Software and Data Integrity Failures (A08:2021): Every Plugin, Library, Module and Supply Chain Matters
Another new critical category on the list for 2021 is software and data integrity. Tangentially related to insecure design, the category highlights the issues related to using code and infrastructure that do not sufficiently protect against integrity violations. For example, using compromised plugins, libraries or modules from sources that have not been checked or verified. Think Log4j. This can leave a gaping security hole despite all your other preventative measures.
The OWASP data show this to be a growing threat, likely because of the increase in the CI/CD approach to software development. While CI/CD is a great mechanism to speed the delivery of new software and services, the rush for speed often leads to unvalidated code or components, which can leave the door open for associated unauthorized access, malicious code or system compromise.
What can you do to mitigate this? First, ensure that your software – including the libraries you use within it – is from a trusted repository and is secure. The use of digital signatures can help, as can a review process to ensure that malicious elements have not been implanted in your code. Further, OWASP highly recommends using a software supply chain security tool to check all your components for known vulnerabilities.
Server-side Request Forgery (A10:2021): A Trojan horse
Although not a new attack vector, server-side request forgery (SSRF) is viewed as a serious and worrying attack for security professionals. In fact, OWASP survey results reveal it is the number one fear among security professionals. It is predicted that SSRF will increase as modern web applications make more calls for external data on behalf of users.
SSRF lets an attacker send crafted requests from the back-end server of a vulnerable application. Even though a resource may be protected from outside access, the request appears to come from a trusted source – an internal server – and the data is freely given and relayed to the attacker, leaving an organization open to many different kinds of attacks with devastating consequences.
When it comes to mitigation, an obvious first step is to minimize the type, scope and number of requests an application can make.

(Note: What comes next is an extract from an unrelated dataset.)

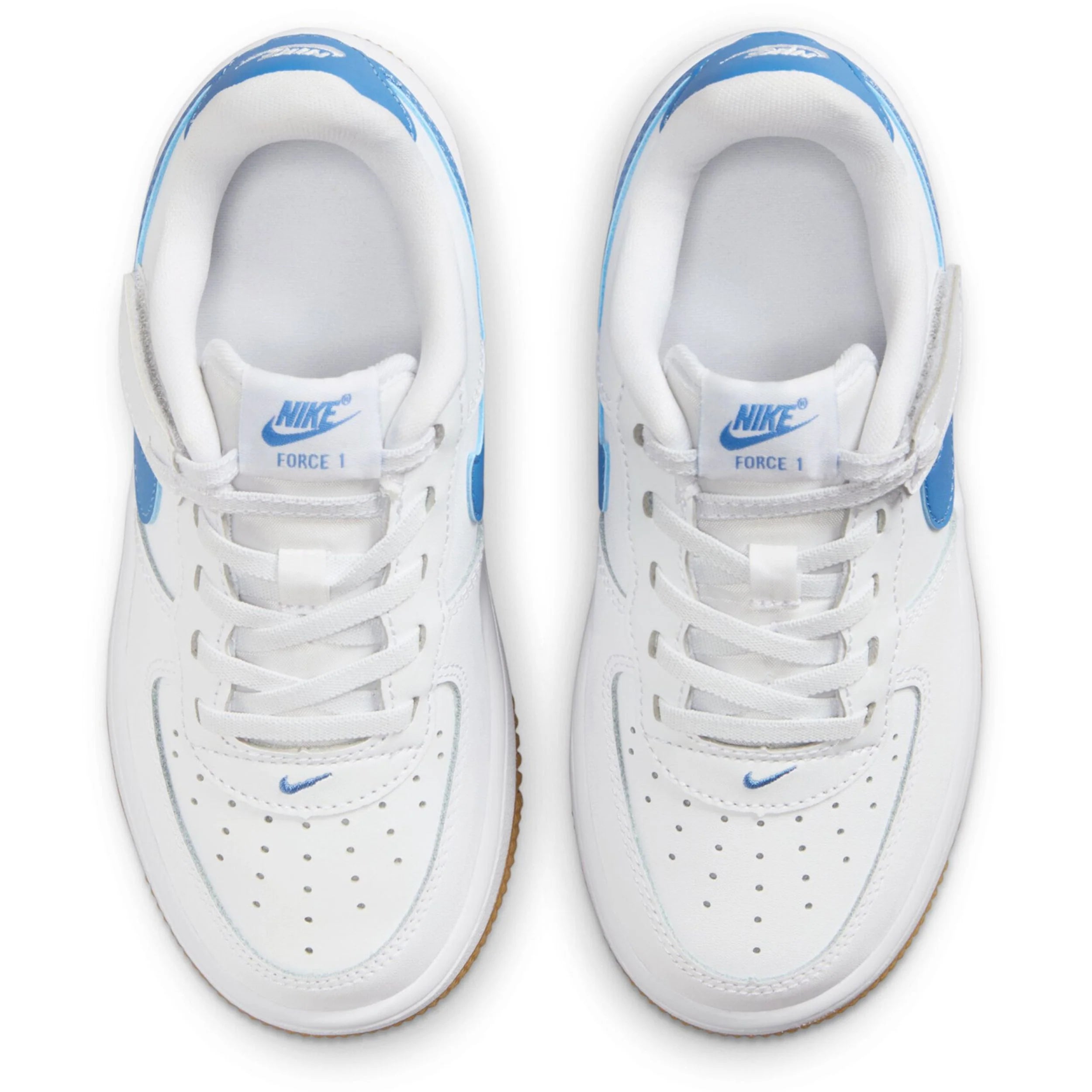 The look of laces without the struggle of having to tie them? Now, that's easy. The laces on these sneakers are just for show---the top two lace loops are attached to a hook-and-loop strap so kids can fasten them fast while still enjoying the traditional look of the AF1. But these shoes aren't just easy for kids to put on. We designed them around kids' feet for overall comfort too.

Yet, applications need to talk, so additional mitigation techniques are also required.
At the network layer:
- Use a firewall to restrict host connections - Enforce deny by default
- Whitelist permitted communications - prevent all but essential requests
- Enable authentication between hosts - consider making this standard practice for all internal host communications
- Log all flows for monitoring and auditing - understand which hosts need to communicate, why and when
At the application layer:
- Define and enforce strict URL communications protocols for your applications – URL schema, ports and destination ALLOW lists
- Disable HTTP redirection to prevent whitelists from being bypassed
- Sanitise and validate all client-side input data – either include this in the application or use a WAF
- Always validate that responses meet the expected structure and content before sending them to the client
In the next article in this series, we will look at some of the areas that have improved since 2017 (yes, there have been some!), along with categories that need to be addressed urgently.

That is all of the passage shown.